The default usage mode for the nomogram is along its original purpose: only the K Nearest Neighbors are shown, and therapy variables are not included in the KNN search. For wider exploration, users may elect to view other patients, or recompute and explore the nearest neighbors using only a subset of the similarity criteria. The Kiviat panel is updated accordingly.

Users can filter the nomogram data by interacting directly with the axes in the chart, or indirectly through a set of axis controls. Clicking and dragging along an axis creates a filter with that selection. The advanced indirect controls allow, in the style of traditional paper-nomogram generation, the removal of specific axes and remapping of the values shown.

Figure 3 illustrates the process of nomogram editing to generate a paper nomogram. The resulting paper nomogram has been recently published and disseminated [41].

3.7 Kaplan Meier Survival Panel

Survival Curves

The use of survival curves in cancer research has a long history [44], [45], [46], [47]. Static survival curves were frequently used by both radiotherapists and statisticians to explain therapy outcome differences across patient groups. A survival curve displays the survival experience of a cohort of patients by showing the survival probability versus time. We blend interactive filtering with a Kaplan Meier survival plot encoding and a statistical module to enable the mining of survival probabilities (Fig. 4).

Fig. 4 — A survival encoding in the style of Kaplan-Meier, showing the different survival probability distributions depending on the cancer stage. For this interactive plot, white patients with supraglottic cancer were selected.

The survival encoding shows how the probability of survival over time changes depending on the different characteristics of the patients. For instance, patients with a T4-stage of cancer tend to have lower chances of survival compared to patients with a T3-stage cancer over the same period of time. The horizontal axis of the graph represents time, while the vertical axis represents the probability of survival of a patient over that period of time. We compute these plots for all the attributes currently selected by the user.

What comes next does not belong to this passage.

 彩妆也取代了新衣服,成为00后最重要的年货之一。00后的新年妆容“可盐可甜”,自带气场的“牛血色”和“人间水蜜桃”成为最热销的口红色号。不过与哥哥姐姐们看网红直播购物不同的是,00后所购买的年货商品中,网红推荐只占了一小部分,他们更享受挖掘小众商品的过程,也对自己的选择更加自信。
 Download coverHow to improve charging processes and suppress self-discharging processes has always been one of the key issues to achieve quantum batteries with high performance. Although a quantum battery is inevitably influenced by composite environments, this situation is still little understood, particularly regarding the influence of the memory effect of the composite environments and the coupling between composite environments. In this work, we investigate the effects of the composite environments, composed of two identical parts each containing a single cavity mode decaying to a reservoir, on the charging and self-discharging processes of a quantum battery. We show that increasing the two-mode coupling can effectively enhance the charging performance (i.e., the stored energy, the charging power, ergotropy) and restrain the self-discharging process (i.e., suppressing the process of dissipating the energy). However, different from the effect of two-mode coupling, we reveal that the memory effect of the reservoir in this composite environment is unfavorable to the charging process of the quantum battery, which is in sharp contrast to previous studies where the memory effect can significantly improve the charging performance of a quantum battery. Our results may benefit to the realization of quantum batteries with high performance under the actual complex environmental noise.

Each plot in the graph represents a different value that the respective attribute can assume, and its color (based on color-brewer2.org) encodes the attribute. Each plot is surrounded by a paler ribbon in the same hue, which represents the 95% confidence interval of our prediction.

Statistics Module

Straightforward estimators of the probability of survival at a certain time point (e.g., the sample percentage of subjects surviving beyond a certain time point) are insufficient when the length of follow-up is variable. For example, when we estimate the survival probability at 5 years for a subject who is only followed for 3 years before the study ends, it is unclear whether the subject would have survived for 5 years. This phenomenon, known as right-censoring, characterizes many biomedical datasets, including the one considered here.

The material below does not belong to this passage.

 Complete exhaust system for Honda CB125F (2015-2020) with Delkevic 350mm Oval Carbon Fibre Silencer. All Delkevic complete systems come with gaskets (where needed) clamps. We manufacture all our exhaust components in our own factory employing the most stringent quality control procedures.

The Kaplan-Meier (or product-limit) estimator of the survival probability is the standard method when the outcome (survival time) may be right-censored due to loss-to-follow-up or study termination. Additionally, the Kaplan Meier estimator is the nonparametric maximum likelihood estimator (MLE) of the survival probability. MLEs are advantageous because they are the (asymptotic) efficient estimator. That is, we cannot do better (in terms of minimizing the mean squared error) than the Kaplan-Meier estimator without making some parametric assumption about the survival distribution.

We calculate the data in the chart using the Kaplan-Meier estimator formula:

\hat{S} (t) = \prod_{t_{i} \leq t} \frac{n_{i} - d_{i}}{n_{i}}

(2)

where Ŝ(t) is the maximum likelihood estimate, n_i is the number of survivors just prior to time t_i, and d_i is the number of deaths occurred at t_i.

The confidence interval is calculated as a two standard deviation range around the predicted value, where the standard deviation is computed using Greenwood’s formula:

\hat{Var} (\hat{S} (t)) = \hat{S} {(t)}^{2} \sum_{t_{i} \leq t} \frac{d_{i}}{n_{i} (n_{i} - d_{i})}

(3)

Interaction

The attribute being analyzed in the survival plot can be changed by choosing from a listbox located above the graph. We do not compute or show a Kaplan plot when the number of patients considered for the plot drops below 5. The plot is linked to other panels (e.g., the nomogram view) through color.

3.8 Cohort Context

Mosaic Plot

The last component of the environment is a context mosaic plot (Fig. 5) [48], which shows the number of patients in the dataset who match the user-specified values for any combination of attributes. The mosaic has two functions: showing a quantitative context of the patient distribution based on the current category selection, and filtering the data if necessary.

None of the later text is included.